Collected material Block Start

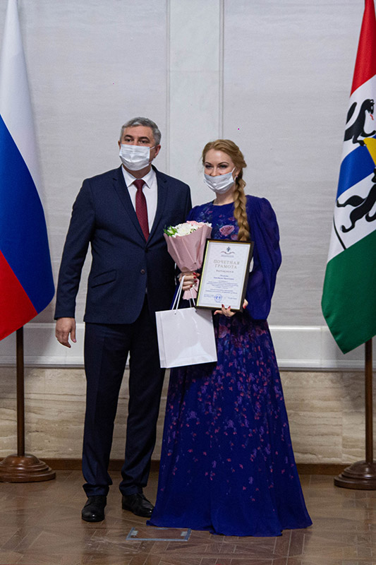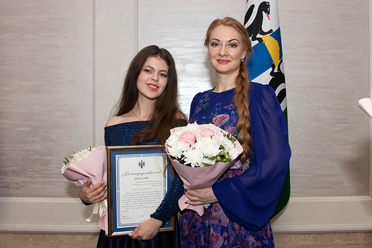 Кроме этого, Наталья Сергеевна Кравец - преподаватель и концертмейстер отделения русских народных инструментов, непосредственный наставник Татьяны Мелковой, также получила Благодарность Губернатора. Анастасия Васильевна Лысякова - преподаватель отделения сольного и хорового отделения, наставник Стеллы Першиной, получила Почётную грамоту министерства культуры региона.
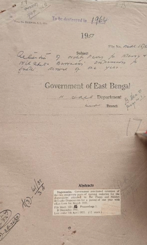 | Rack No. 09, Bundle No. 108, Sl No. 8914 Sanction of extra remuneration to the staff of the Lytton Medical School, Mymensingh. | Rack No. 09, Bundle No. 108, Sl No. 8915 Fixation of pay scales of the clerks attached to the Sadar Provincial Hospital in East Bengal. | Rack No. 09, Bundle No. 108, Sl No. 8916 Restriction in recruiting of women in Superior Service of Pakistan. | Rack No. 09, Bundle No. 108, Sl No. 8917 Retention of the two temporary posts of Nursing for the dispensaries attached to the Plassy and Nilkhet Barracks. | Rack No. 09, Bundle No. 108, Sl No. 8918 Scale of fees to be Charged for Serological Examination in the Bureau of Laboratories. | Rack No. 09, Bundle No. 108, Sl No. 8919 Shitting of stores of the Additional Go down at Narayanganj. | Rack No. 09, Bundle No. 108, Sl No. 8920 Repairs to the T.B. Segregation Hospital at Anupampur in the District of Rajshahi. |
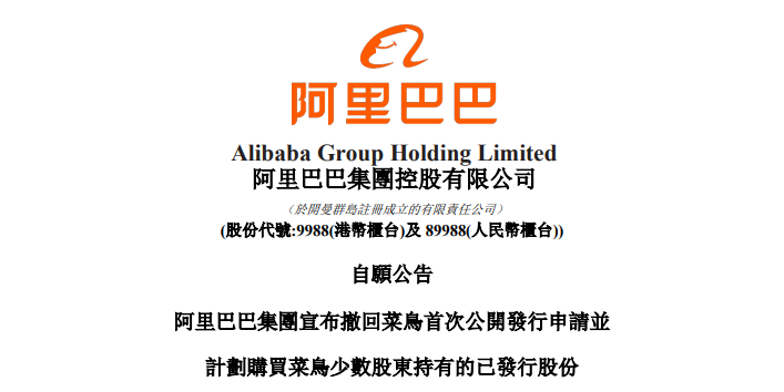阿里巴巴发布公告:物流子公司菜鸟智慧物流网络有限公司已撤回其在香港联交所的首次公开发行及上市申请。
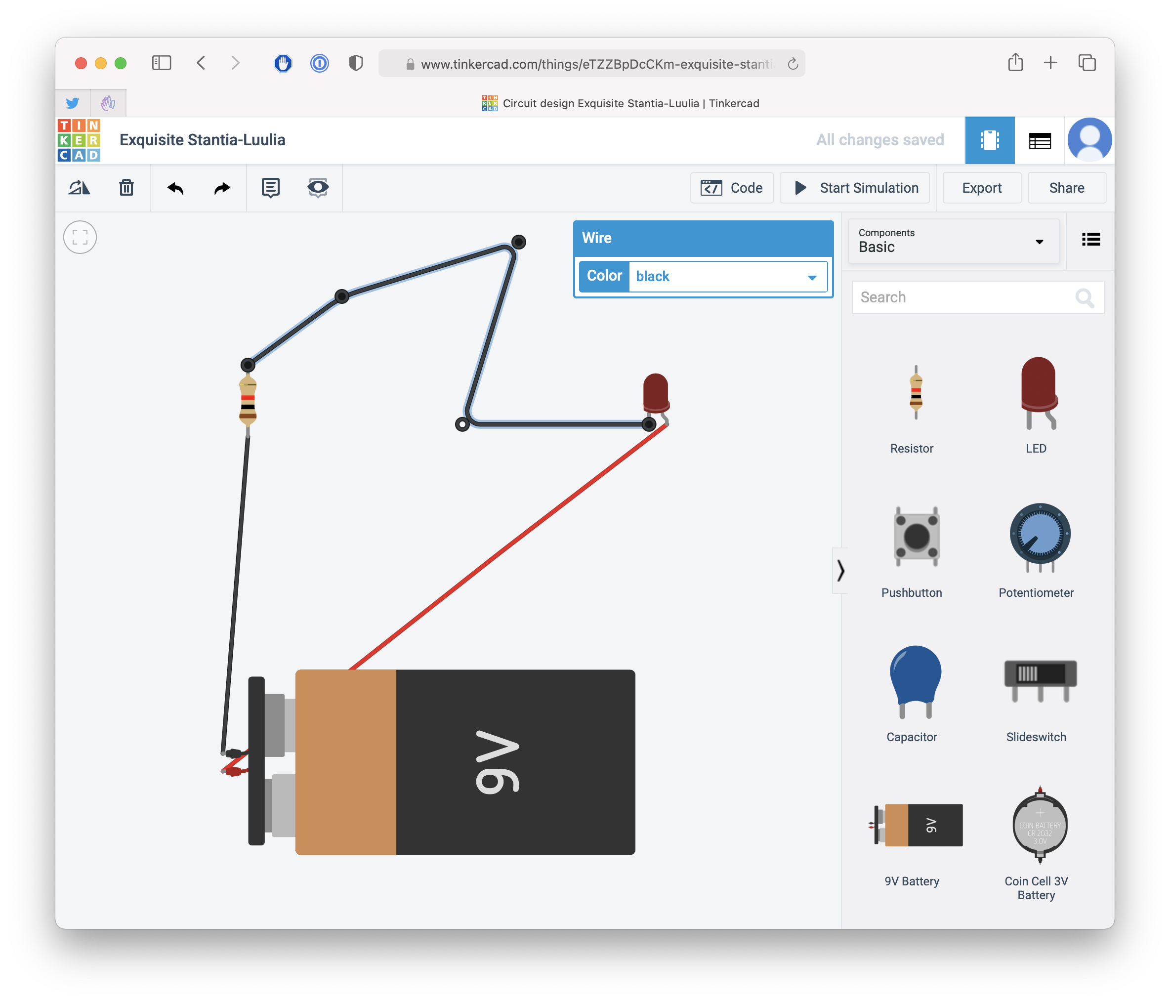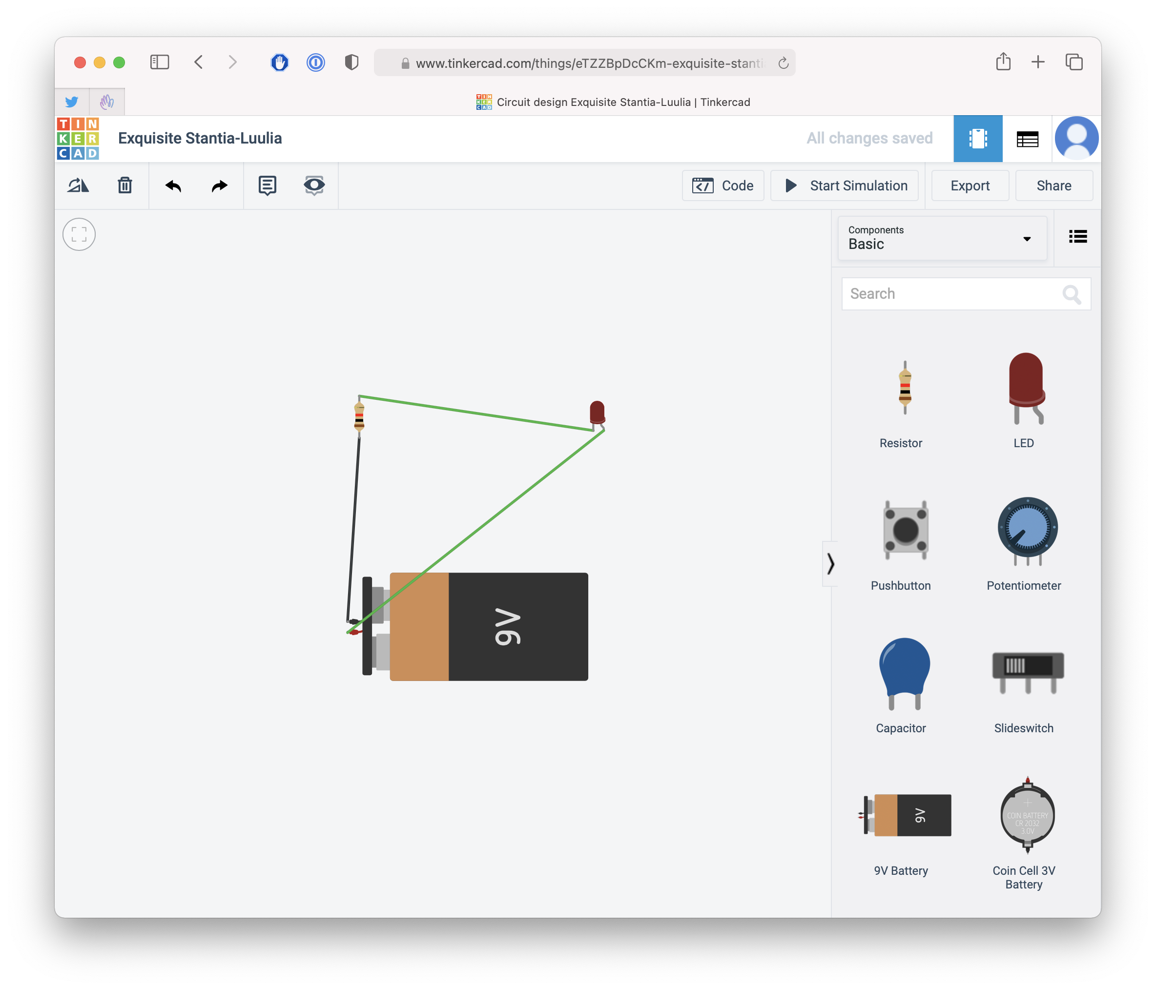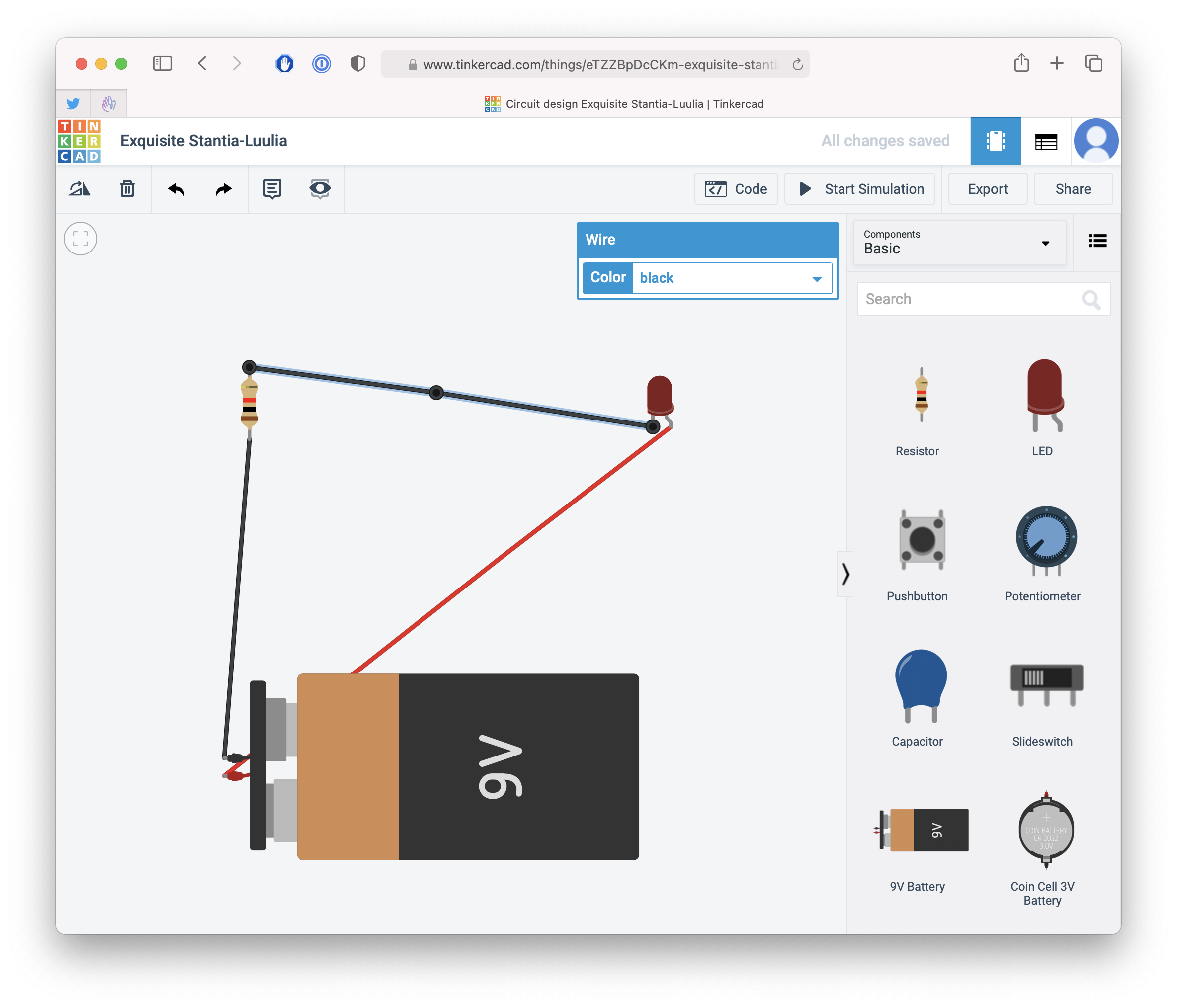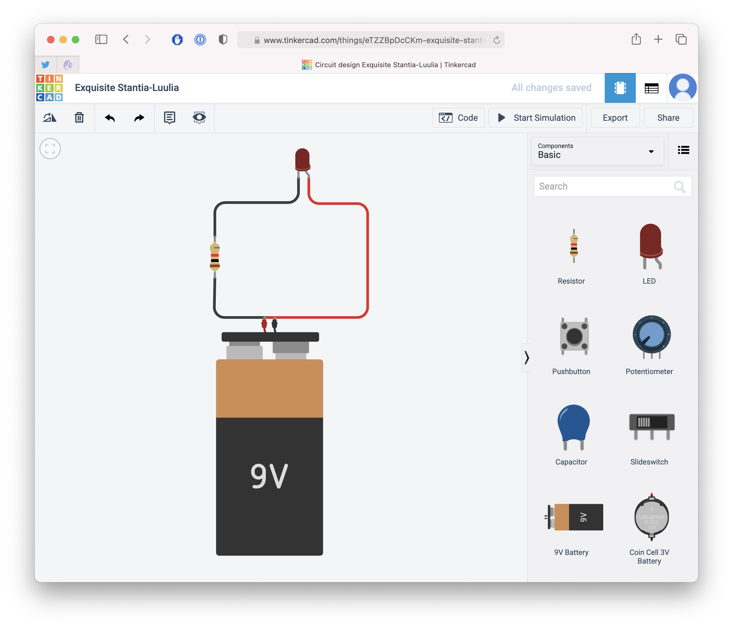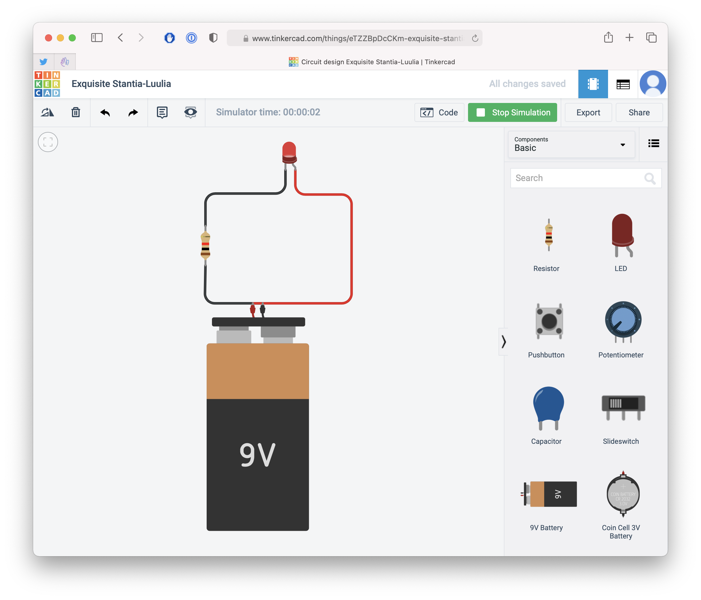 Now click the Start simulation button. You will see the LED light up, until you click Stop simulation:

Collected material Block End

→ Task item
Omitting all images, print the listing exactly.

→ Exercise response
 Кроме этого, Наталья Сергеевна Кравец - преподаватель и концертмейстер отделения русских народных инструментов, непосредственный наставник Татьяны Мелковой, также получила Благодарность Губернатора. Анастасия Васильевна Лысякова - преподаватель отделения сольного и хорового отделения, наставник Стеллы Першиной, получила Почётную грамоту министерства культуры региона.
 | Rack No. 09, Bundle No. 108, Sl No. 8914 Sanction of extra remuneration to the staff of the Lytton Medical School, Mymensingh. | Rack No. 09, Bundle No. 108, Sl No. 8915 Fixation of pay scales of the clerks attached to the Sadar Provincial Hospital in East Bengal. | Rack No. 09, Bundle No. 108, Sl No. 8916 Restriction in recruiting of women in Superior Service of Pakistan. | Rack No. 09, Bundle No. 108, Sl No. 8917 Retention of the two temporary posts of Nursing for the dispensaries attached to the Plassy and Nilkhet Barracks. | Rack No. 09, Bundle No. 108, Sl No. 8918 Scale of fees to be Charged for Serological Examination in the Bureau of Laboratories. | Rack No. 09, Bundle No. 108, Sl No. 8919 Shitting of stores of the Additional Go down at Narayanganj. | Rack No. 09, Bundle No. 108, Sl No. 8920 Repairs to the T.B. Segregation Hospital at Anupampur in the District of Rajshahi. |
阿里巴巴发布公告:物流子公司菜鸟智慧物流网络有限公司已撤回其在香港联交所的首次公开发行及上市申请。
 Now click the Start simulation button. You will see the LED light up, until you click Stop simulation:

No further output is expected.